Today was not my day. I won't bore you with the mundane details, as I am fully aware that my problems – while very real to me – can easily be classified as petty, annoying "white whines." But perception is reality, and today mine sucked.

The icing on the cake came mid afternoon, in the observation room of T's gymnastics class when A looked up at me and said, "Mumma, I pooped." My first thought was, "really, because I just suckered your dad into changing a poop about an hour ago." Followed quickly by "I have no idea where the diaper bag is. And the odds are not in my favor that it is in the car."

What are my options here? I can't pretend I don't know – four other mommies and one grammy just heard my child tell me she pooped. Even if I don't have a diaper, they don't know I don't have a diaper so I have to at least pretend I'm going to change her. Also, it really smells, so I can't even fake a look in the diaper and say, "no no silly girl, that was just gas."

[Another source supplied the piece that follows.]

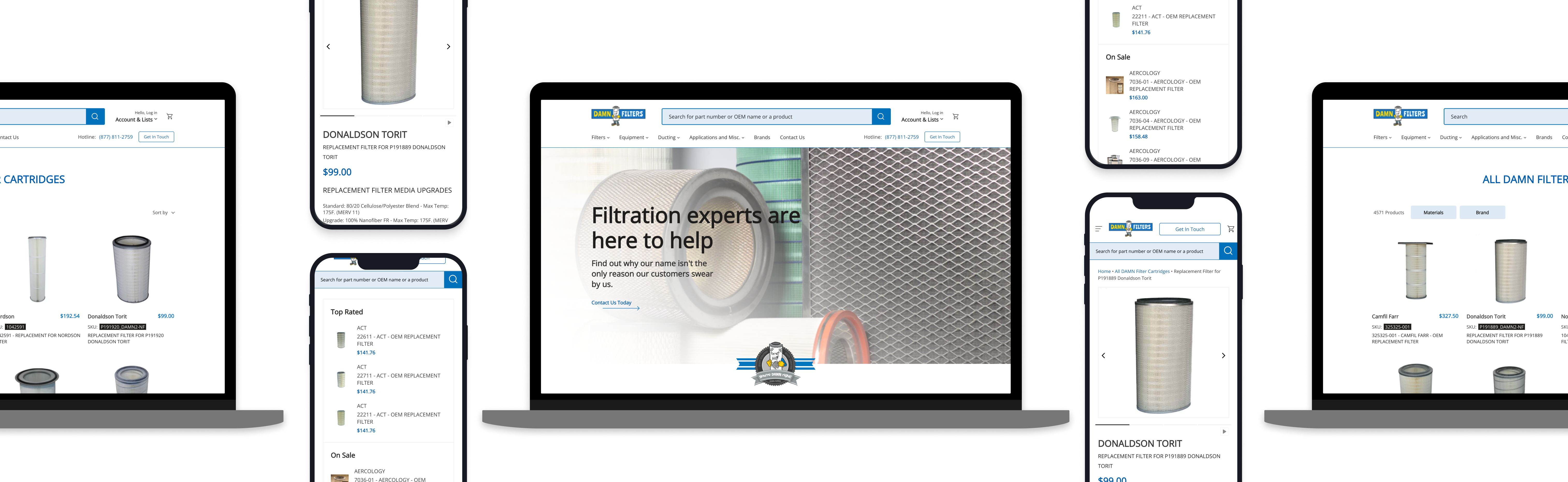 All the data gathered from these reports enabled us to create a new site map and identify any missing user journey holes. With all that complete and identified, a user-centred design using their existing brand guidelines, alongside best practices and the recommendations provided to Damn Filters, a full site redesign with UX in mind was created.

Which leaves me with – schlepping out to the car, fingers crossed that the diaper bag is there. Or maybe a stray diaper hidden under the seat, partially obscured from view by a mountain of fruit snacks and lost action figures. No such luck. I will not tell you what the next step was because A and I made a firm pact in the ladies room of the gymnastics place that we would never speak of it again. I will tell you that it was not pretty, and I judged myself a little bit even as it was happening. Desperate times and all that.

The point is – how did I get here? How did I become a mommy without a diaper bag? Because four years ago – yup, J was born exactly four years ago tomorrow – I was a diaper bag packing pro. I never left the house without a fully stocked diaper bag, including:

– 10 diapers and a full package of wipes (not travel sized, the full package)
– Changing pad
– 3 complete outfit changes, including socks
– 2 receiving blankets
– No less than 2 or more than 4 burp cloths
– 17 assorted sample sizes of diaper rash cream (in spite of T never actually suffering from diaper rash)
– 2 pacifiers (which remained in there long after T just quit taking them around 5 months)
– 3 mini bottles of hand sanitizer
– Mini first aid kit and nail repair kit, including scissors
– Books and toys, including crayons, markers and coloring books
– Snacks and $15 stainless steel baby sippy cup (which T never actually drank out of. EVER.)

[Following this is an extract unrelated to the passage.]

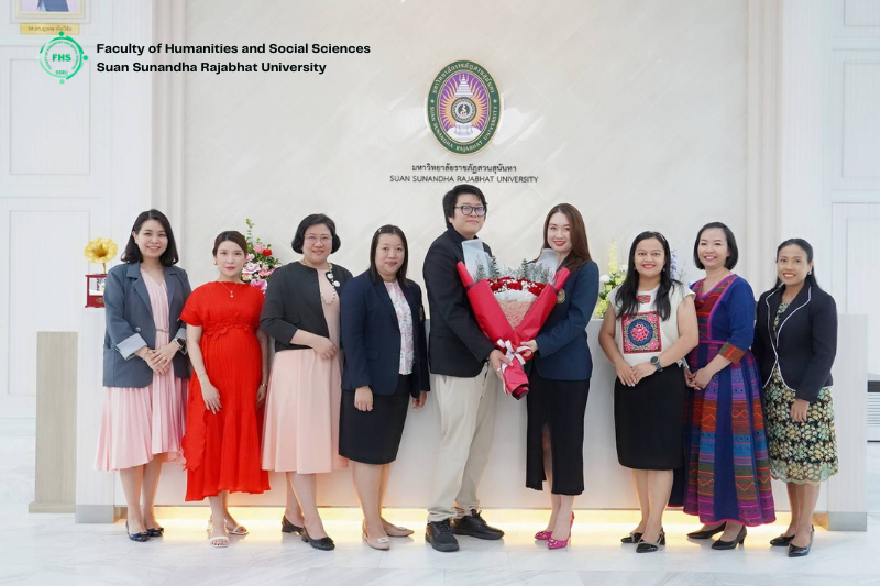 วันที่ 13 ธันวาคม 2567 อาจารย์ ดร.นภาศรี สุวรรณโชติ คณบดีคณะมนุษยศาสตร์และสังคมศาสตร์ มหาวิทยาลัยราชภัฏสวนสุนันทา พร้อมด้วย อาจารย์ พัชราพรรณ สุสมาวัตนะกุล รองคณบดีฝ่ายบริหาร, อาจารย์ ดร.อังคณา สุขวิเศษ รองคณบดีฝ่ายวิชาการ, ผู้ช่วยศาสตราจารย์ ดร.วาสนา สุรีย์เดชะกุล รองคณบดีฝ่ายแผนงานและประกันคุณภาพ, อาจารย์ ดร.อังค์วรา เหลืองนภา รองคณบดีฝ่ายวิจัยและบริการวิชาการ, ผู้ช่วยศาสตราจารย์ ดร.จิราภรณ์ อัจฉริยะประสิทธิ์รองคณบดีฝ่ายกิจการนักศึกษา, อาจารย์ไพลิน กลิ่นเกษร หัวหน้าภาควิชามนุษยศาสตร์, และนางสาวนุชนารถ เพ็งสุริยา รักษาการหัวหน้าสำนักงาน ร่วมมอบช่อดอกไม้แสดงยินดีแก่ ผู้ช่วยศาสตราจารย์ ดร.มรกต วรชัยรุ่งเรือง ในโอกาสได้รับการแต่งตั้งให้ดำรงตำแหน่ง “ผู้อำนวยการสถาบันวิจัยและพัฒนา” ณ ห้องรับรอง ชั้น 1 อาคารสำนักงานอธิการบดี มหาวิทยาลัยราชภัฏสวนสุนันทา

It used to take me at least 30 minutes before we went anywhere with baby T to empty, inventory and repack the diaper bag. My husband didn't even try to help – he would just sit quietly with T, trying not to move or make eye contact while I was packing the bag. It was safest for both of us that way.

Fast forward four years – not only have I not packed the diaper bag in months, I apparently cannot even remember to put a diaper into my purse for emergency purposes. So I'm making a little promise to A and I tonight – two promises, actually. 1) I will put together "in case of emergency" mini diaper kits and stash one in each of the cars, and 2) We will work on getting on board the potty train, because I clearly cannot be trusted.

UPDATE: I told you I cannot be trusted. The following day, I grabbed two extra diapers so we wouldn't have a repeat performance (because I haven't gotten around to the ICE diaper kits yet)…and left them on the kitchen counter. And A peed through her clothes at the Bounce Zone. Thank goodness her Auntie had an extra Pull-Up. I. Cannot. Be. Trusted. Poor A.